The Florida Department of Environmental Protection said Tuesday that it would file a lawsuit against Dan A. Hughes Co. for using a fracking-like oil recovery practice at its Collier-Hogan well, located near endangered Florida panther habitat.
The issue first bubbled up publicly in December, after DEP learned the company was using a process called "acid stimulation," during which acid is pumped into the well to help loosen up blockages and improve the flow of oil. The DEP says the company didn't wait for state approval to use acid stimulation before moving ahead with the process.
After Collier County leaders and others voiced concerns about the practice's effects on water supplies, the DEP issued a cease-and-desist order for the well.
DEP said the company has also refused to allow the state to test samples of wastewater from the site and that it had ordered Hughes to revise its groundwater monitoring practices, which wasn't followed.
"It is clear that the company has not taken seriously the department's demands to protect Collier County families or Florida's natural resources," DEP secretary Herschel Vinyard said in a statement.
The lawsuit says DEP is seeking to halt operations at the well "until pending completion of appropriate environmental testing." The company isn't waiting for that. Hughes Co. said Tuesday that it was shutting down operations at the well.
Hughes Co. also previously abandoned plans for two other exploratory oil wells in the area. Company spokesman David Blackmon said DEP had not informed them of their intent to sue, and didn't know what regulations the state believes were violated.

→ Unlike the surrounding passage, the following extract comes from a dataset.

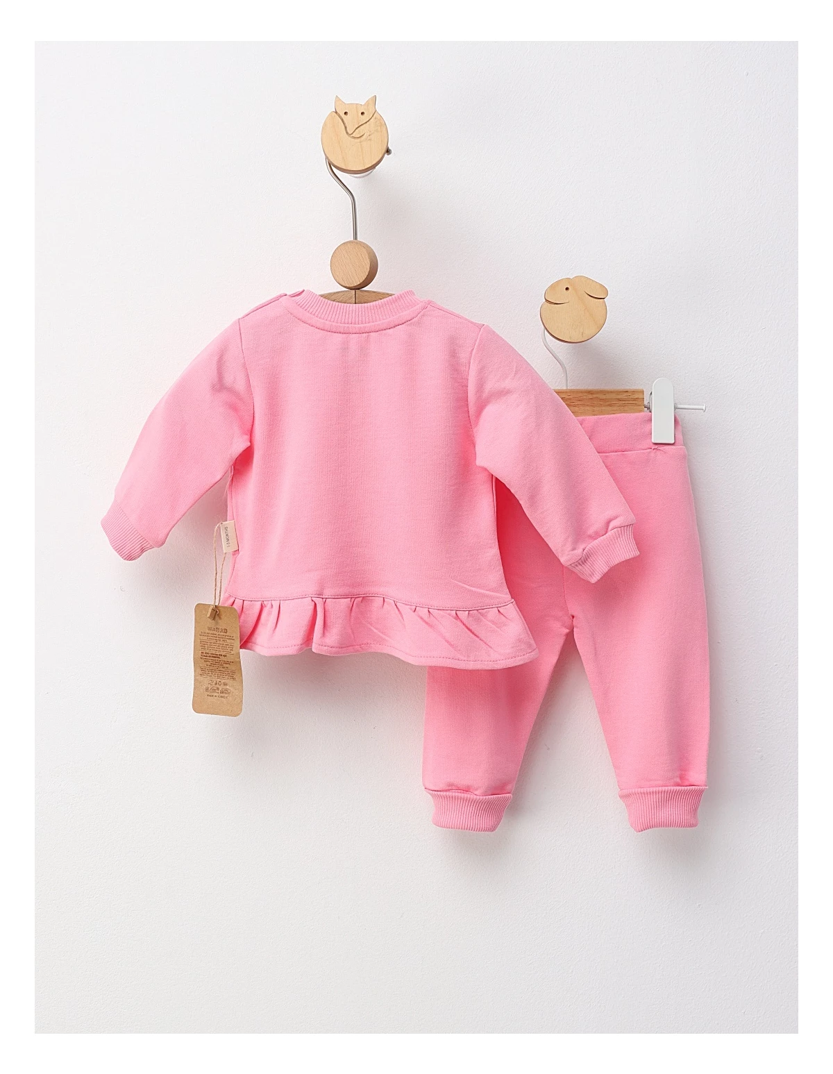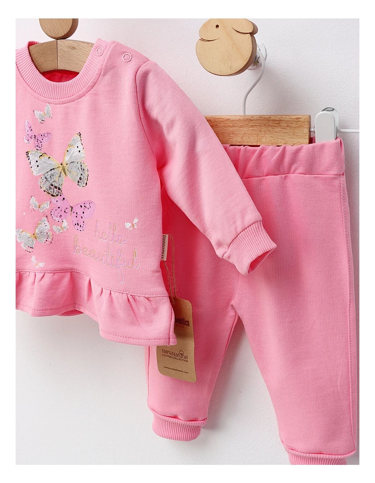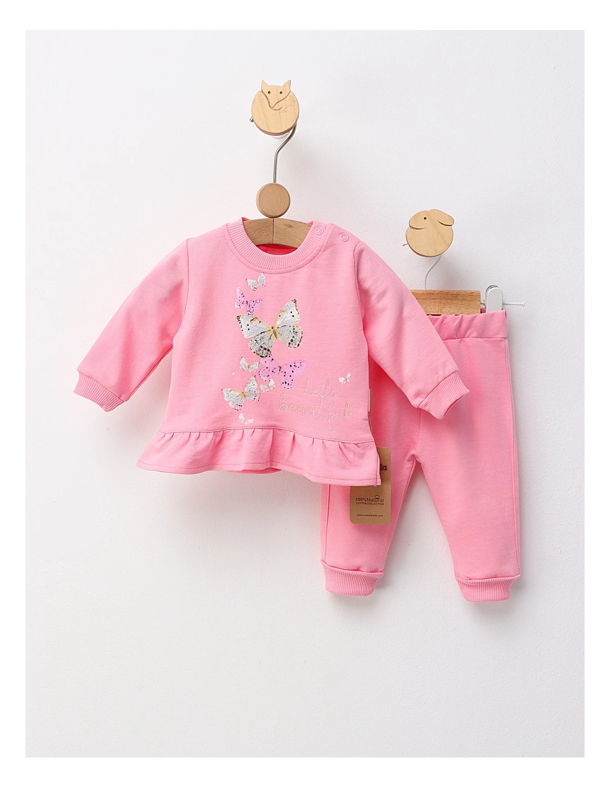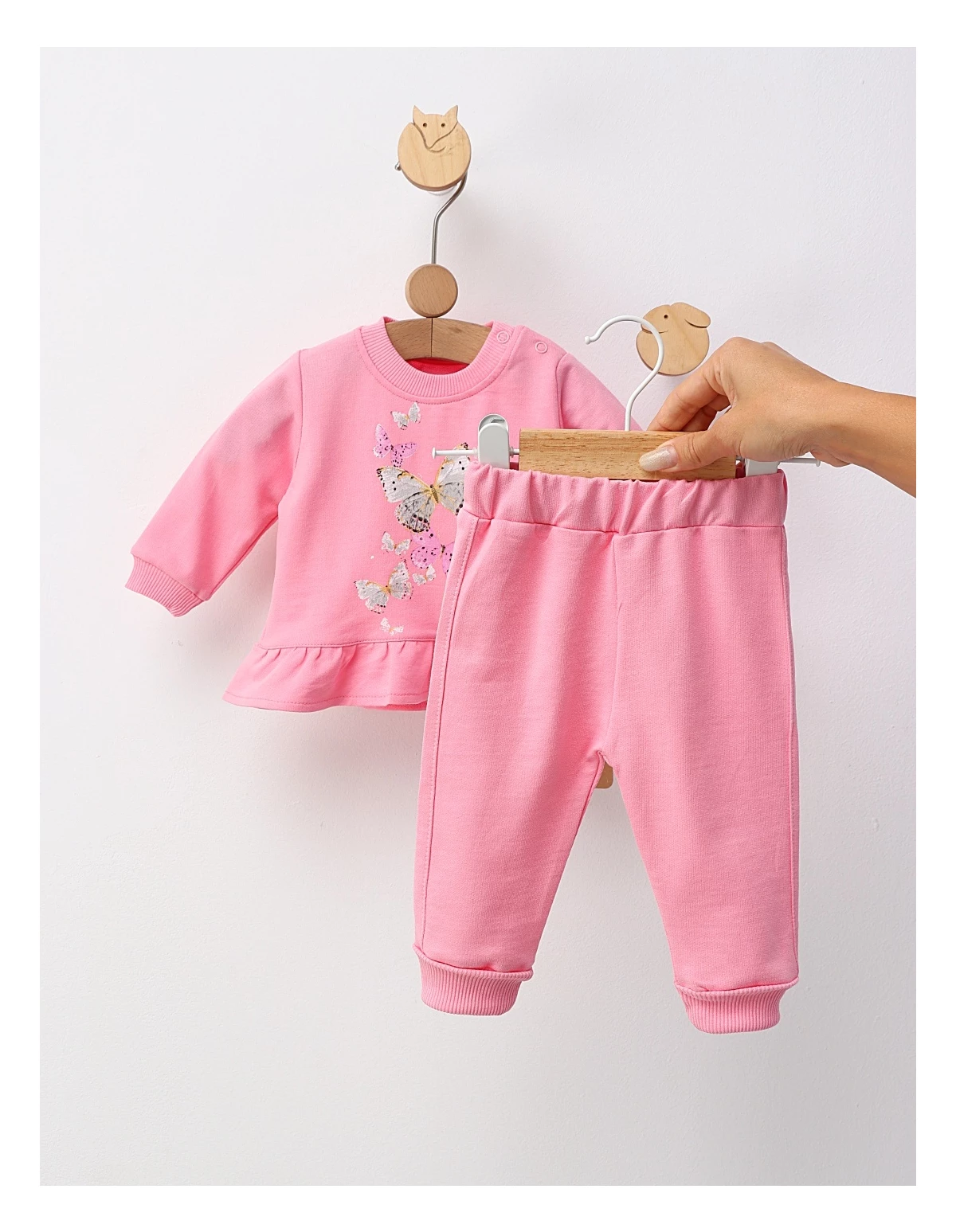 Costum pentru fetițe, format dintr-o bluză evazata și deschidere în capse pe umăr, decorată cu imprimeu cu fluturasi. Completați ținuta cu pantaloni cu elastic în talie. Confecționat din 100% bumbac, acest set oferă confort, libertate de mișcare și un stil adorabil, ideal pentru zilele active sau plimbări în sezonul cald.

"I'm not sure what to make of the announcement, but early yesterday morning the DEP was notified that the company intended to shut in the well," he said. "To this day, the company is not accused of any violations of Florida regulations or laws."
Collier Resources Co., which owns the land where the Hughes well is located, said in a letter to county officials on July 11 that it had terminated most mineral lease agreements with Hughes, except for the Collier-Hogan well. It also volunteered to pay for testing to address public concerns over drilling activities at the site.
State officials have since conducted groundwater tests in the area and have found no signs of contamination.
DEP press secretary Tiffany Cowie says the company's shutdown of the well does not change the agency's plan to sue.
Meantime, environmentalists applauded the company's plans to shut the well and the state's regulatory actions, but said the situation highlights lapses in state oil drilling regulations that allowed the acid stimulation to happen.
"This situation boldly highlights the broader legal and regulatory deficiencies that must be rectified in order to prevent future inappropriate oil drilling and extreme oil extraction techniques," the Conservancy of Southwest Florida said in a news release.